Jakarta – Ketokohan dua tokoh nasional, Dr. H. M. Busyro Muqoddas, S.H., M.Hum dan Prof. Dr. Komaruddin Hidayat, dipertaruhkan setelah keduanya ditetapkan sebagai Anggota Dewan Pers periode 2025–2028 melalui mekanisme yang dinilai cacat hukum. Hal ini disampaikan Ketua Umum DPP Serikat Pers Republik Indonesia (SPRI), Hence Grontson Mandagi, dalam keterangan tertulisnya di Jakarta, Selasa (13/5/2025).
Mandagi menegaskan bahwa proses pemilihan Anggota Dewan Pers yang tidak sesuai dengan Undang-Undang Nomor 40 Tahun 1999 tentang Pers telah mencederai semangat kemerdekaan pers dan merugikan mayoritas insan pers di Indonesia.

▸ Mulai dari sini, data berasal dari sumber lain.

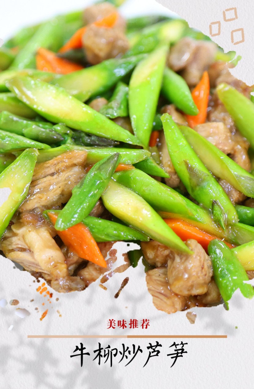 牛柳炒芦笋:牛肉15g、芦笋30g、胡萝卜10g;

“Saya sangat menghormati kapasitas dan integritas kedua tokoh ini. Mereka adalah panutan nasional yang telah teruji di berbagai bidang. Namun ketika mereka masuk dalam proses yang cacat hukum, maka ketokohan mereka ikut dipertaruhkan,” tegas Mandagi.

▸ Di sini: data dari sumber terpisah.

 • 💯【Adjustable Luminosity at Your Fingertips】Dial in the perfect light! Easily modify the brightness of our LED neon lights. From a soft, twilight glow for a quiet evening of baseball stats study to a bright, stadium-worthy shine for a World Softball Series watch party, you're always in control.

Busyro Muqoddas dikenal luas sebagai mantan Ketua KPK periode 2010–2011, sementara Komaruddin Hidayat adalah mantan Rektor UIN Syarif Hidayatullah Jakarta dua periode (2006–2015). Keduanya disebut Mandagi sebagai figur berintegritas tinggi yang seharusnya meninjau ulang keterlibatannya dalam keanggotaan Dewan Pers saat ini.

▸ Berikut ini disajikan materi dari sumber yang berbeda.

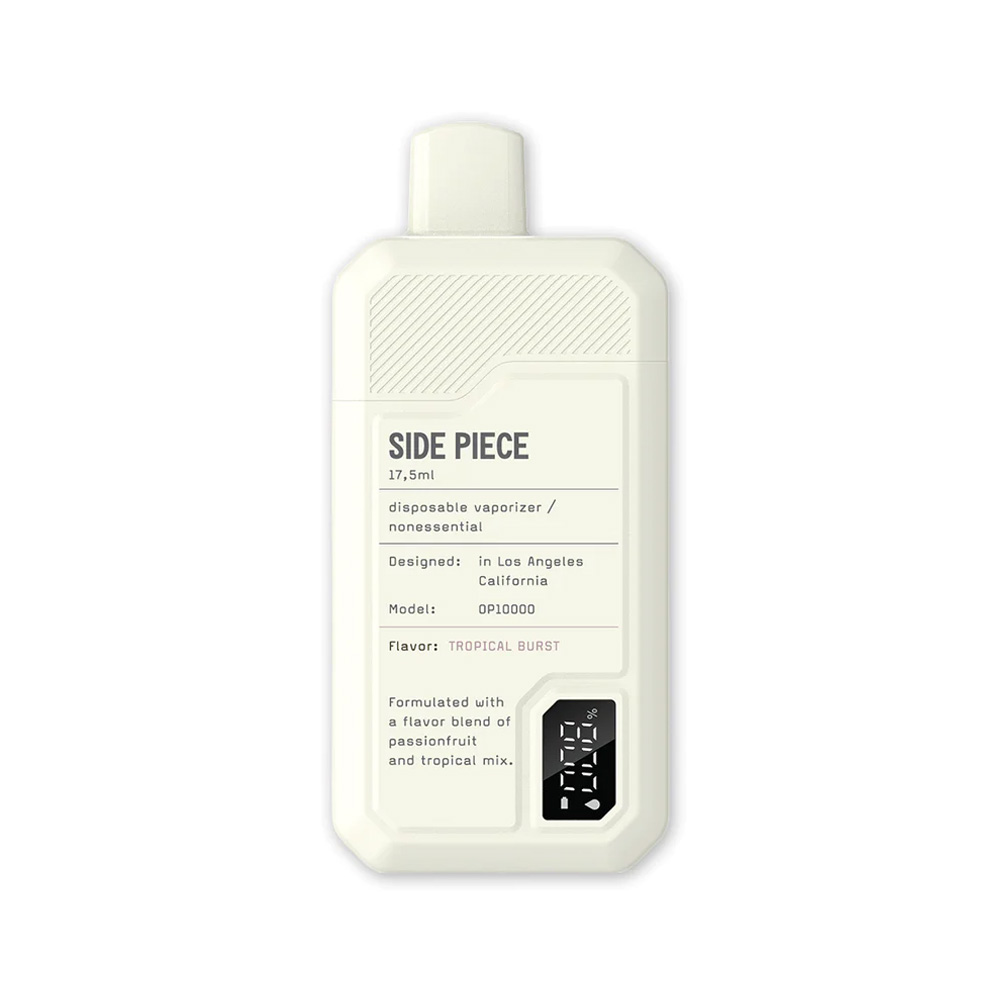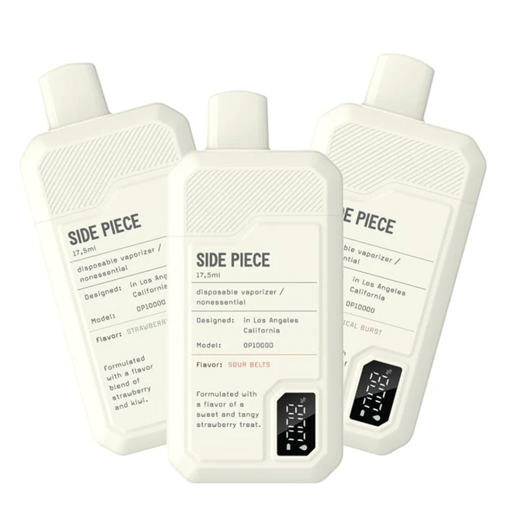 Side Piece is a minamalist vape designed in Los Angeles California that features a new mesh coil design. Prefilled with 17.5ml of their unique flavors and lasts up to 8000 puffs. The Side Piece has a 650mAh rechargeable battery that can be quickly charged via the USB Type-C Charging Port. The Side Piece Vape Device also features a unique battery and e-liquid level display screen.

“Presiden memang telah menerbitkan SK penetapan anggota Dewan Pers. Tapi demi menjaga marwah dan keteladanan, sebaiknya Pak Busyro dan Pak Komaruddin mundur atau mendorong perbaikan sistem pemilihan yang sesuai dengan amanat UU Pers,” ujarnya.
Menurut Mandagi, Dewan Pers saat ini telah berubah menjadi alat oligarki segelintir elit yang justru memarjinalkan organisasi-organisasi pers independen. Ia menyoroti praktik-praktik yang melegalkan kerja sama media dengan pemerintah tanpa mekanisme tender, serta monopoli belanja iklan oleh konglomerasi media nasional.
“Media lokal terpinggirkan, dipaksa mengemis ke pemerintah, sementara media besar menikmati kue iklan triliunan rupiah. Dewan Pers justru menjadi legalisasi pelacuran pers,” tegasnya.
SPRI, tambah Mandagi, telah menyurati Presiden Prabowo Subianto untuk menunda pengesahan hasil pemilihan anggota Dewan Pers 2025–2028. SPRI menilai bahwa proses pemilihan telah menyimpang dari Pasal 15 Ayat 3 UU Pers yang menyatakan pemilihan anggota Dewan Pers merupakan hak organisasi wartawan dan organisasi perusahaan pers.
“Badan Pekerja Pemilihan dibentuk sepihak. Mekanisme penjaringan calon dilakukan terbuka tanpa melibatkan organisasi pers sebagaimana diamanatkan undang-undang. Ini pelanggaran serius,” ujarnya.
Lebih jauh, Mandagi juga menuding bahwa konstituen Dewan Pers saat ini tidak mewakili suara mayoritas insan pers dan justru menjadi alat kepentingan yang menghambat kemerdekaan pers sejati.
“Pak Busyro dan Pak Komaruddin harus menyadari bahwa keterlibatan mereka dalam struktur Dewan Pers hasil mekanisme cacat ini akan mencederai kredibilitas mereka sebagai tokoh reformis,” tutup Mandagi.